Chapter 17

It took over an hour to lose the Coazi – even though most of them stayed behind trying to save their shamaness and her burning hut, a good number of them still came after us.

Iannis and Fenris took over the defense against the ones who chased us, deflecting arrows and spears with the use of magic.

We did not retaliate as Iannis still seemed to have friendly feelings for them, and after all we were intruders on their land.

We continued in our full-on sprint for a good two miles after the last confrontation before we finally slowed.

“Okay,” Annia gasped, clutching at a stitch in her side. “We’ve got to stop or I’m going to explode. Surely we’ve lost them now, haven’t we?”
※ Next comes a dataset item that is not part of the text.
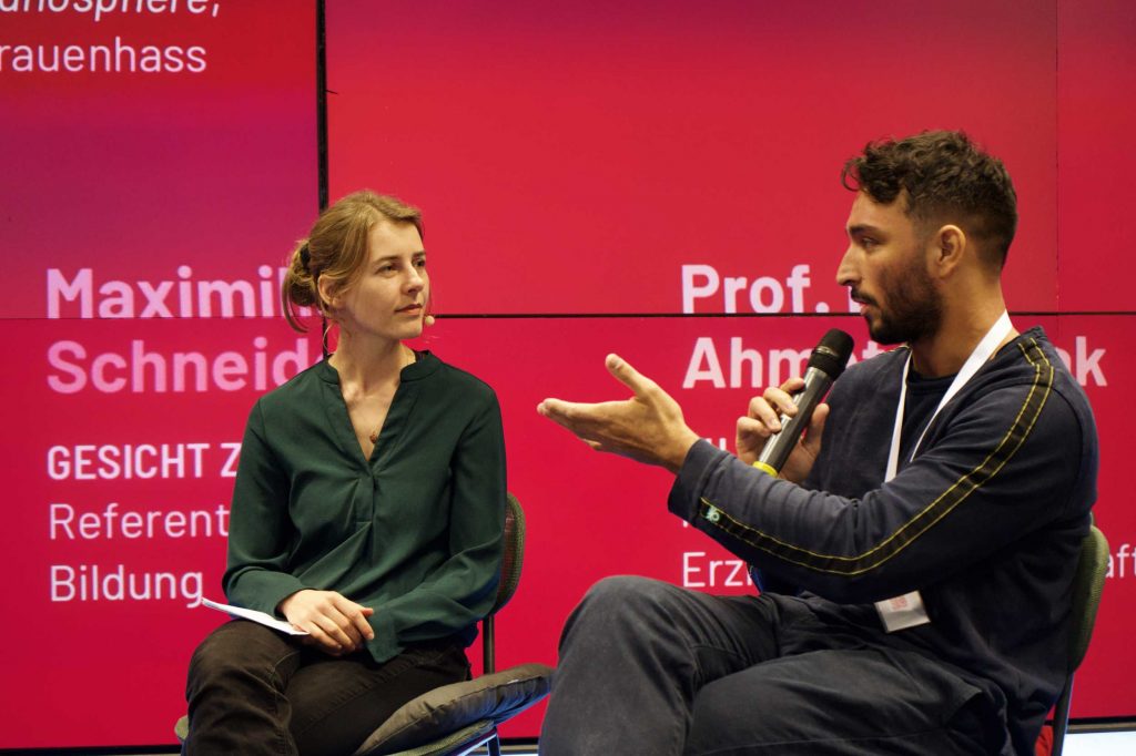 Maximilian Schneider, Referent für politische Bildung bei Gesicht Zeigen! e.V., berichtete aus der praktischen Arbeit mit Jugendlichen. Er schilderte eindrücklich, wie toxische Männlichkeitsbilder in Schulklassen präsent sind und wie Schüler sich gegenseitig in problematischen Rollenbildern bestärken. Schneider machte deutlich, dass die Diskrepanz zwischen der fortgeschrittenen feministischen Bildung vieler Mädchen und dem Entwicklungsstand vieler Jungen enorm sei – „die Mädchen sind sehr weit in feministischen Themen, während die Jungs gefühlt noch bei 1990 stehen“. Er forderte eine kommunikative Strategie, die junge Männer einbindet, statt sie durch polarisierende Sprache weiter zu entfremden. Gleichzeitig warnte er davor, den feministischen Anspruch aufzugeben: „Feminismus ist eigentlich kein Angriff auf Männer, sondern ein Angebot – wir reichen Männern die Hand, um ihnen zu vermitteln, ihr müsst nicht toxische Männlichkeit leben, ihr dürft Männlichkeit auf ganz andere Arten und Weisen leben.“
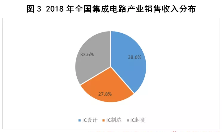 其中,IC设计、制造和封测三足鼎立。IC设计为2519.3亿元,占比38.6%;IC制造为1818.2亿元,占比27.8%;IC封测为2193.9亿元,占比33.6%(参见图3)。

“We have,” Iannis confirmed as we slowed to a trot. I arched a brow, amazed that though his cheeks were flushed from the run, he was barely winded. “But the Coazi have small parties that roam these mountains, so it would not be wise to assume that we are safe. We really should keep moving.”

“Well I’m sorry, but unlike you three I’ve got human limitations,” Annia snapped, still clutching at her side. “I can’t sprint for miles on end.”

Iannis stopped abruptly, and I nearly ran into him. “Come here,” he commanded.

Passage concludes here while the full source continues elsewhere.